▶ [What is expected]: Once you find the line below that has "Business failure, competitive", output it and every line after it exactly, stopping after the line that has "Golden State Serif", with no pictures.

▶ [Source data]:
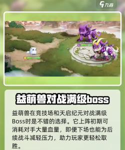 玩家拥有益萌兽后无论是在竞技场模式还是天启纪元对战满级boss的时候,选择益萌兽会是一个不错的选择,因为它能够在上阵初期帮助玩家消耗到对手足够的血量,就算是它下场了也能让后续的对战轻松很多。
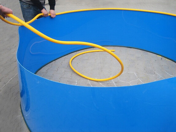 - используемый пластик не боится заломов и сгибов. Он не подвергается коррозии и устойчив к морозу, солнцу , абсолютно нейтрален к земле при прикапывании бассейна.
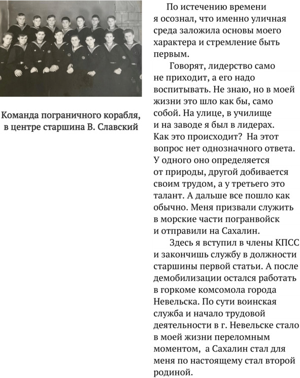 А затем призыв в Армию. Служил я на пограничном корабле и дослужился до старшины первой статьи. В 1961 году, сразу после демобилизации, с одним бушлатом в руках пришел я в горком комсомола города Невельска сахалинской области. Там и продолжилась моя трудовая деятельность. Конечно, это был мой выбор, но, видно, так угодно было судьбе. Здесь я женился, завел семью и всем сердцем полюбил этот край. Когда говоришь о судьбе, невольно приходит в голову мысль: а что это такое – судьба? Наверное, на этот вопрос можно ответить только после многих лет жизни, да и то неоднозначно. Мне кажется, что судьба очень любит принимать решения в одиночку. Не хочется верить в потусторонние силы, но зачастую обстоятельства складываются таким образом, что начинаешь верить в истину – «все, что ни делается, – к лучшему». И это подтверждается жизнью. Так случилось и со мной. Я не выбирал себе дороги. А шел по-обычному тогда жизненному пути и везде работал добросовестно. Наверное, это была и есть моя судьба. Я только к этому добавлю: «На Бога надейся, но и сам не плошай». Это все, вместе взятое, и определило мои дальнейшие поступки и мировоззрение.
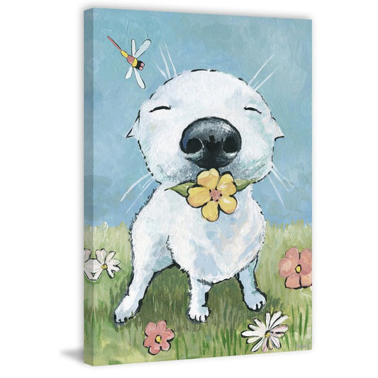 Joyful Dog in Garden with Flower - Whimsical Oil Painting Art for Dog Lovers
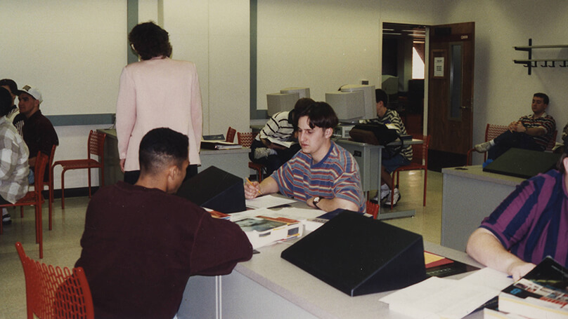 Patrons make use of Purdue’s John W. Hicks Undergraduate Library, which opened its doors in 1982. (Photos courtesy of Purdue Archives and Special Collections)
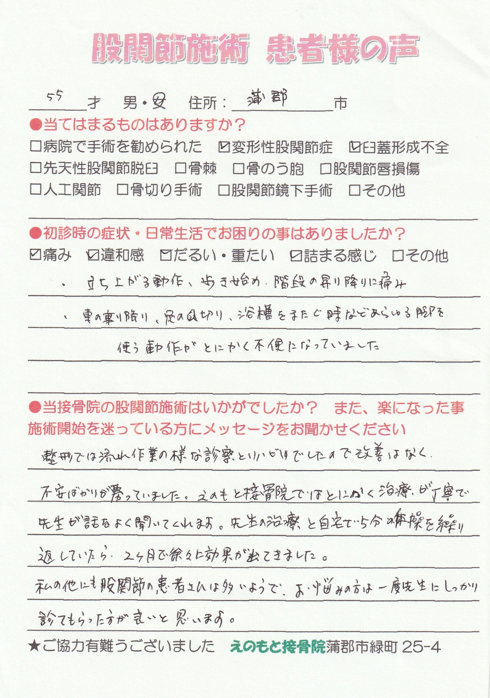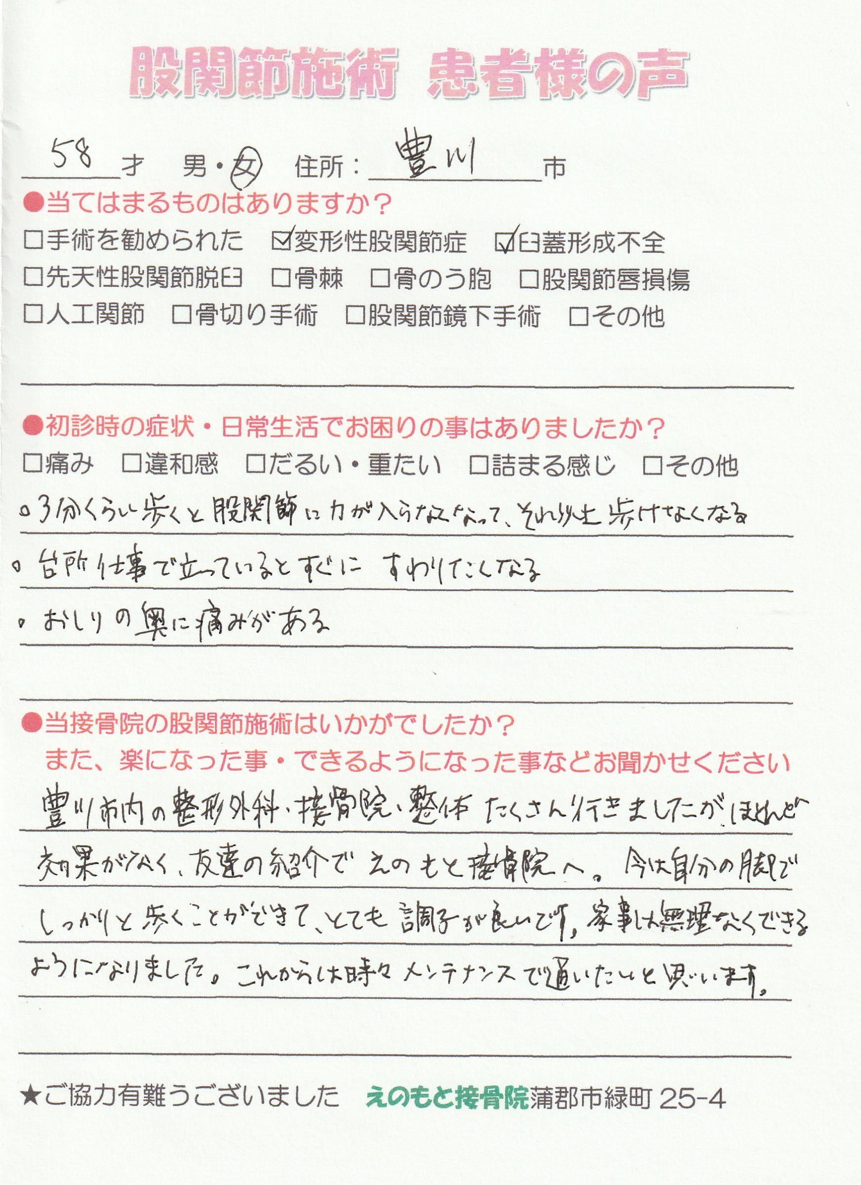 ●当接骨院の股関節施術はいかがでしたか? また、楽になった事 施術開始を迷っている方にメッセージをお聞かせください
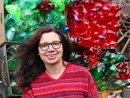 Per fer les seves creacions ha utilitzat moltíssimes ampolles reciclades ajudant a la neteja de platges entre d’altres.
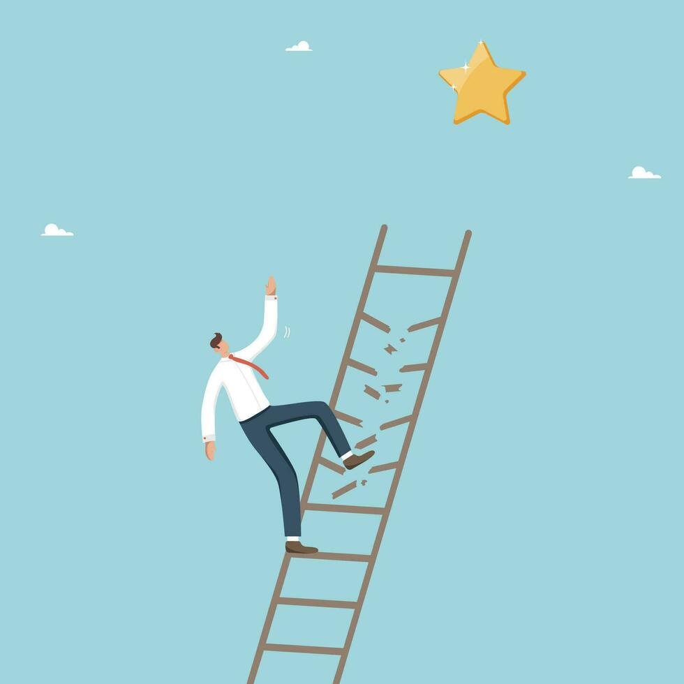 Business failure, competitive defeat and loss of reward, unexpected force majeure, choosing a losing strategy, wrong way of development, unjustified risk, man falls from stairs leading to the star. Pro Vector
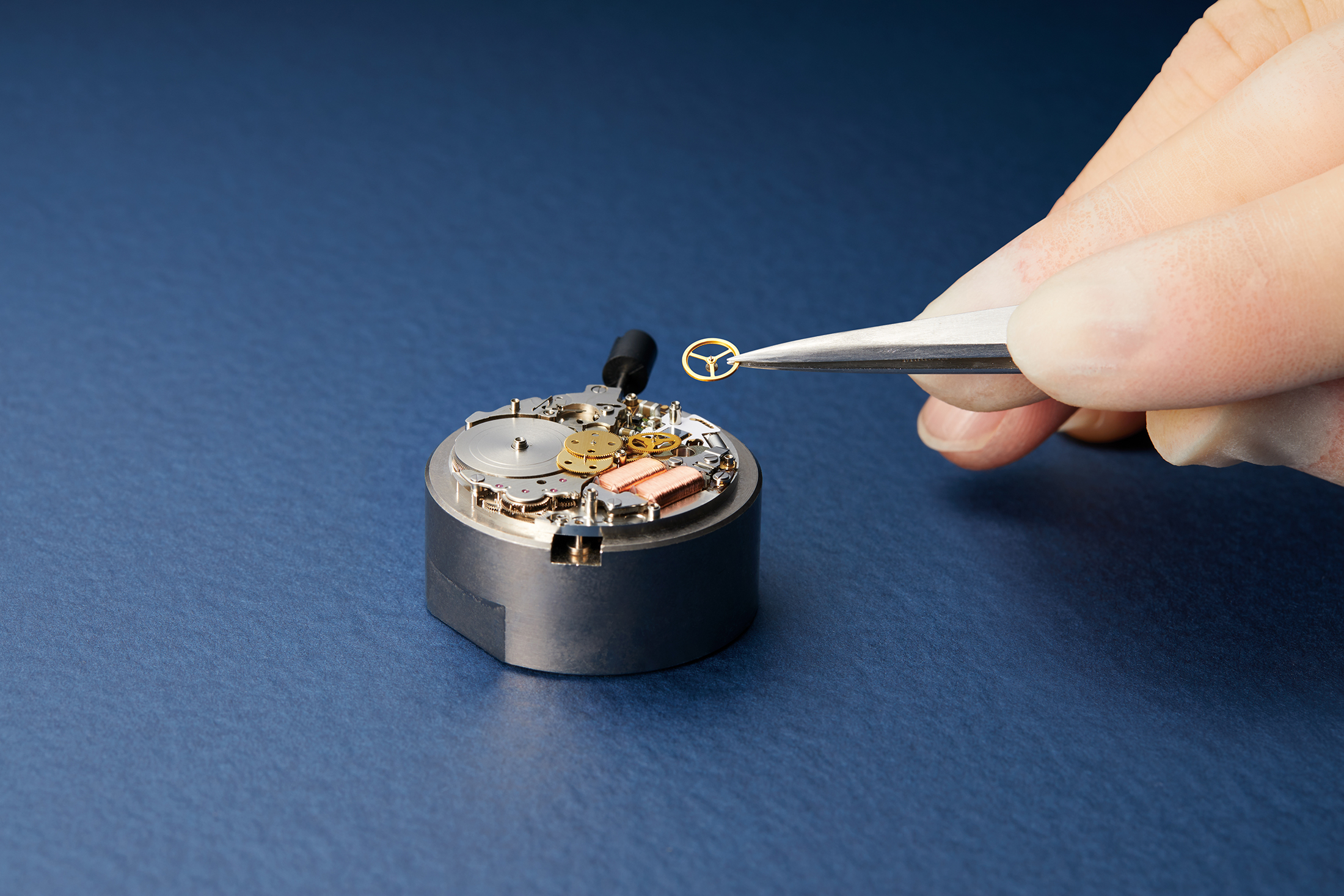 スプリングドライブCal.9R65におけるグライドホイールの取り付け。
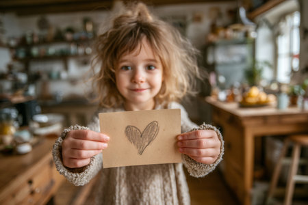 Smiling child holding a self-made greeting card with a heart in a rustic kitchen, expressing love and care
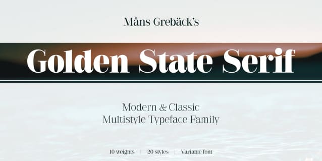 Golden State Serif is also available as a variable font, offering seamless adjustability in weight and style in hundreds of variations distilled down to a single font file. This allows for precise customization to match your design needs, providing flexibility and a wide range of typographic expressions within a single typeface.
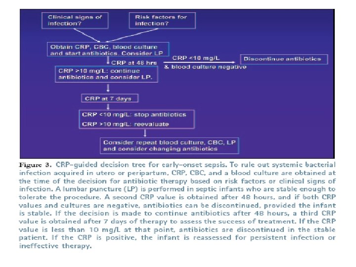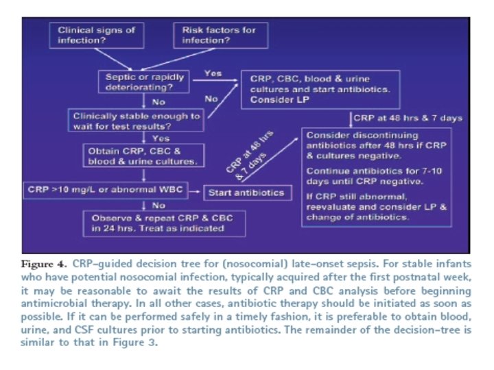 INTERPRETACIÓN DE RESULTADOS ANALÍTICOS (III) PCR SUGERENTE DE INFECCIÓN SI: > 10 mg/L • Globulina de síntesis Hepática actúa como carrier retirando material tóxico. Reacciona frente a polisacárido C del Neumococo. • Reactante de fase aguda: a las 6 -12 h de un estímulo inflamatorio, infeccioso o de daño tisular. Pico a las 36 -48 h (8 -60 h). • Vida media de 19 horas. Desciende un 50% diario tras la resolución del estímulo: fiel predictor de la eficacia del tto antibiótico. • Está elevada en el 50 -90% de los RN con infección bacteriana sistémica. • La cirugía, la asfixia, el distress respiratorio, la hemorragia intracerebral, los esteroides, las inmunizaciones, los partos vaginales instrumentales, las infecciones víricas por Herpes o Rotavirus y la neumonitis por aspiración de meconio pueden dar cifras elevadas de PCR. • Sensibilidad del 60 -82% y Especificidad del 93 -96%. VPP 95 -100%, VPN 75 -87% (Mishra UK. Arch Dis Child Fetal • Las PCR seriadas aumentan considerablemente la sensibilidad (75 -98%) y la especificidad (90%) diagnóstica así como el VPN al 99% Neonatal Ed 2006; 91: 208 -12)
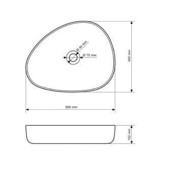 Gamma Bianco mosdókagyló, aszimmetrikus ovális, beépíthető

▶ [Task result]:
 Business failure, competitive defeat and loss of reward, unexpected force majeure, choosing a losing strategy, wrong way of development, unjustified risk, man falls from stairs leading to the star. Pro Vector
 スプリングドライブCal.9R65におけるグライドホイールの取り付け。
 Smiling child holding a self-made greeting card with a heart in a rustic kitchen, expressing love and care
 Golden State Serif is also available as a variable font, offering seamless adjustability in weight and style in hundreds of variations distilled down to a single font file. This allows for precise customization to match your design needs, providing flexibility and a wide range of typographic expressions within a single typeface.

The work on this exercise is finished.